Residuals vs Fitted The Residuals vs Fitted plot helps to assess whether the linear regression assumptions, linearity, and constant variance are satisfied. In this plot, the residuals are fairly centered around zero, but there is noticeable spread and some curvature in the red line, suggesting mild non linearity. The vertical spread appears mostly consistent, though a slight funneling near larger fitted values, which hints at mild heteroscedasticity. A few points are labeled, indicating potential outliers or influential observations that deviate from the general pattern of the data.

Q-Q Residuals The Q-Q Plot assesses whether residuals follow a normal distribution. If the residuals were perfect, the points would lie along the diagonal line. In this model, the middle section follows the lie very well, suggesting the bulk of the residuals are approximately normal. However, both tails show deviations, the lower tail drops below the line, and the upper tail rises above it. The points near the upper end highlight extreme observations. Overall, the plot suggests that while normality is roughly met in the center of the distribution, there are departures in the tails that may affect inference.
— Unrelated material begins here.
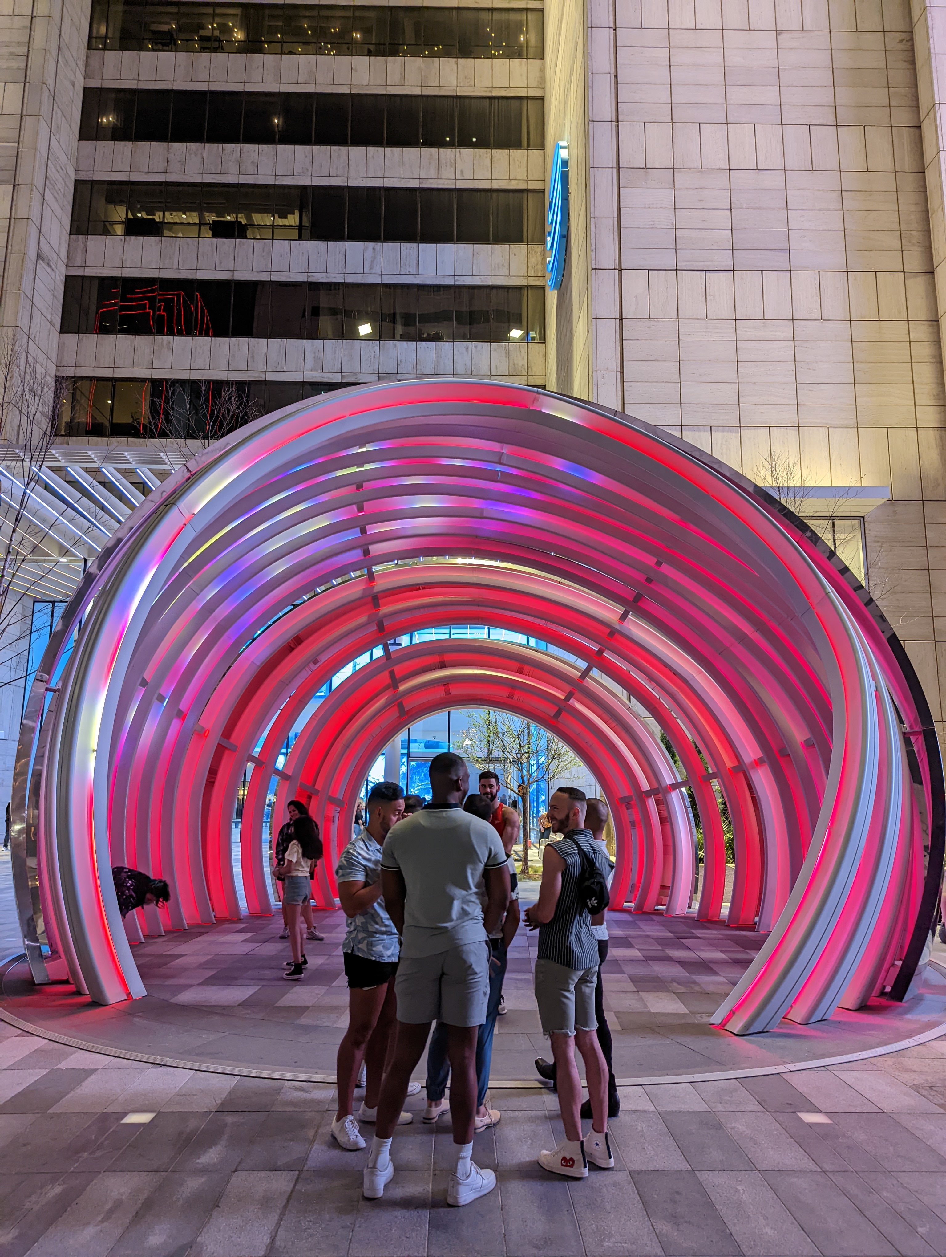 Closely resembling the AT&T logo, this 30 foot sculpture features 300,000 LEDs and a smooth mirrored finish that looks great day or night. The West opening is large enough for a group photo and the sculpture tightens towards the East for a unique shot within the structure as well.

Scale-Location The Scale-Location plot checks whether the residuals exhibit constant variance across levels of the fitted values. In this model, the square root of the standardized residuals is plotted against the fitted values from the model log_price ~ log_milage * model_year + model + accident. The residuals appear mostly clustered around the horizontal axis, but the red smoothing line shows a slight downward trend, indicating that residual variance decreases for higher fitted values. This suggests mild heteroscedasticity, though is not severe enough to outright invalidate the whole model.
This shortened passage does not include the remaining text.